*** Block opens ***
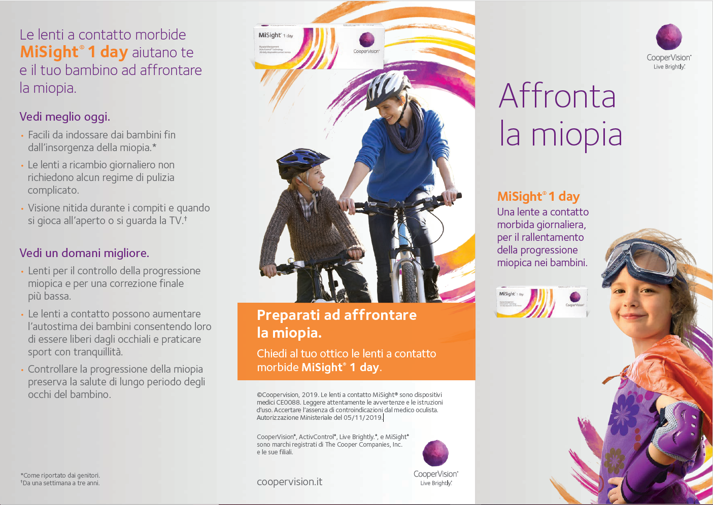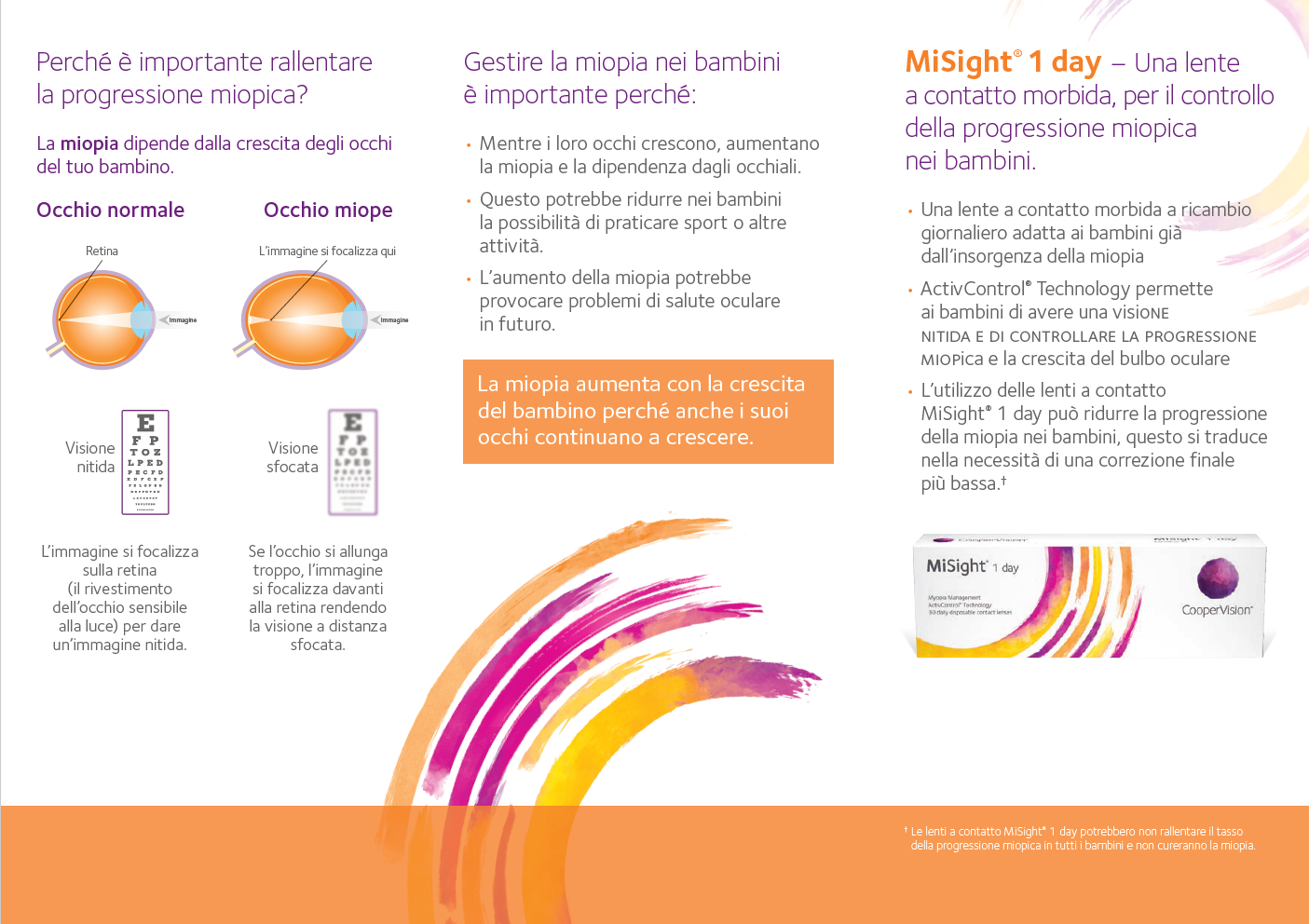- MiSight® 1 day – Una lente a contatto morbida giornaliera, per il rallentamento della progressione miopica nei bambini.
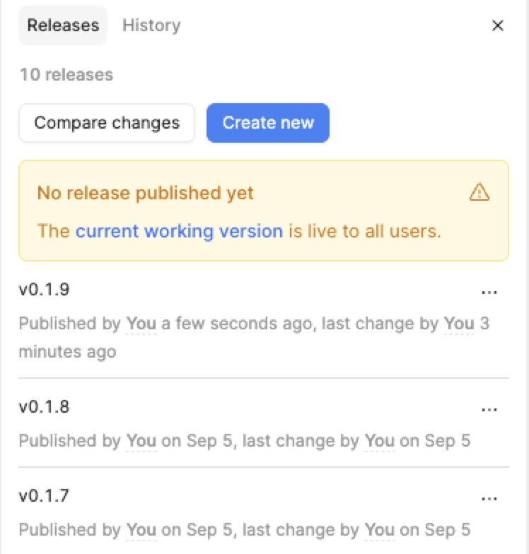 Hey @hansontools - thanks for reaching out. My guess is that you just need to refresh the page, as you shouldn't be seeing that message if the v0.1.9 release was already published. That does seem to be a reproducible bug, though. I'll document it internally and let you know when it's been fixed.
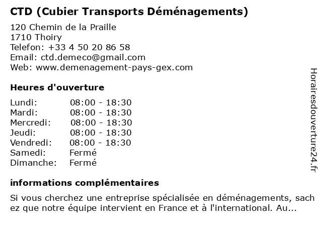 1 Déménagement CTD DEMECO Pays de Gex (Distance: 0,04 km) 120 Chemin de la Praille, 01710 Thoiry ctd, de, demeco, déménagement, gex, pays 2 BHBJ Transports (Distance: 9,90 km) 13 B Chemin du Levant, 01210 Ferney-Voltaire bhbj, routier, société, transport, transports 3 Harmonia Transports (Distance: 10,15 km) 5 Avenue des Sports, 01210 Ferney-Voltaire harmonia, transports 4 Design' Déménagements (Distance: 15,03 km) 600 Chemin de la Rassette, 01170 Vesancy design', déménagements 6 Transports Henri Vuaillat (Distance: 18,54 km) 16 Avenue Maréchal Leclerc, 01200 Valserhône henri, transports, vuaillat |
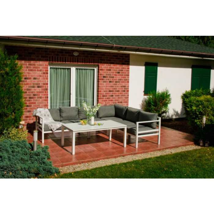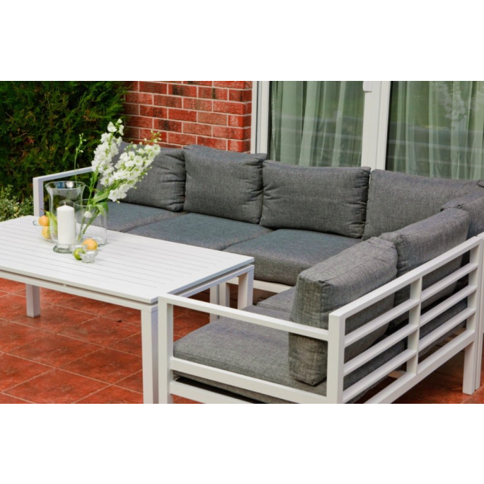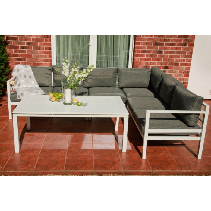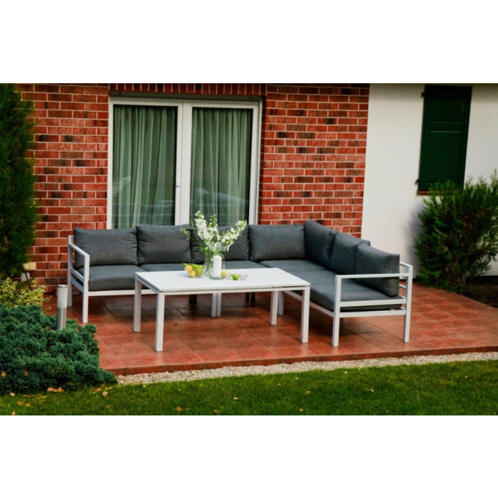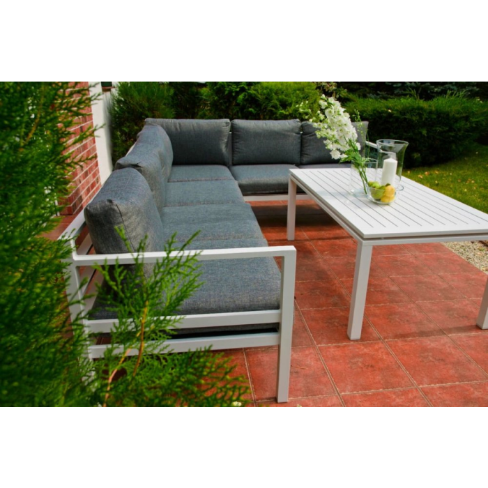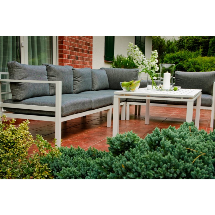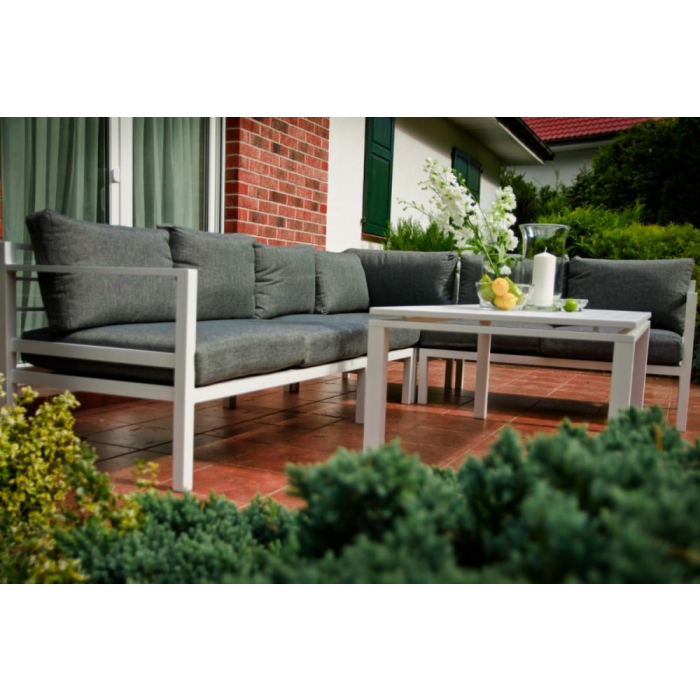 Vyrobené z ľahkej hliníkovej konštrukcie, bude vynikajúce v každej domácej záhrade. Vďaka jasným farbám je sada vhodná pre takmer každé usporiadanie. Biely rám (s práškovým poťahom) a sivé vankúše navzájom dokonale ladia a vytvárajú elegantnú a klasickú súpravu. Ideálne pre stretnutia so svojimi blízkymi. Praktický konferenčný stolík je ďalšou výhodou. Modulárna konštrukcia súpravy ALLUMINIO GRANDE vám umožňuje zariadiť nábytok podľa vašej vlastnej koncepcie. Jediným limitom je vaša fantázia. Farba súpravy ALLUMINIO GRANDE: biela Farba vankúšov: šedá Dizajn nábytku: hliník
*** Block closes ***
**Instructions for the task**: Starting at the line that contains "Hey @hansontools - thanks", restate each line verbatim through the final line of the listing, skipping all pictures.

**Completed exercise**:
 Hey @hansontools - thanks for reaching out. My guess is that you just need to refresh the page, as you shouldn't be seeing that message if the v0.1.9 release was already published. That does seem to be a reproducible bug, though. I'll document it internally and let you know when it's been fixed.
 1 Déménagement CTD DEMECO Pays de Gex (Distance: 0,04 km) 120 Chemin de la Praille, 01710 Thoiry ctd, de, demeco, déménagement, gex, pays 2 BHBJ Transports (Distance: 9,90 km) 13 B Chemin du Levant, 01210 Ferney-Voltaire bhbj, routier, société, transport, transports 3 Harmonia Transports (Distance: 10,15 km) 5 Avenue des Sports, 01210 Ferney-Voltaire harmonia, transports 4 Design' Déménagements (Distance: 15,03 km) 600 Chemin de la Rassette, 01170 Vesancy design', déménagements 6 Transports Henri Vuaillat (Distance: 18,54 km) 16 Avenue Maréchal Leclerc, 01200 Valserhône henri, transports, vuaillat |
 Vyrobené z ľahkej hliníkovej konštrukcie, bude vynikajúce v každej domácej záhrade. Vďaka jasným farbám je sada vhodná pre takmer každé usporiadanie. Biely rám (s práškovým poťahom) a sivé vankúše navzájom dokonale ladia a vytvárajú elegantnú a klasickú súpravu. Ideálne pre stretnutia so svojimi blízkymi. Praktický konferenčný stolík je ďalšou výhodou. Modulárna konštrukcia súpravy ALLUMINIO GRANDE vám umožňuje zariadiť nábytok podľa vašej vlastnej koncepcie. Jediným limitom je vaša fantázia. Farba súpravy ALLUMINIO GRANDE: biela Farba vankúšov: šedá Dizajn nábytku: hliník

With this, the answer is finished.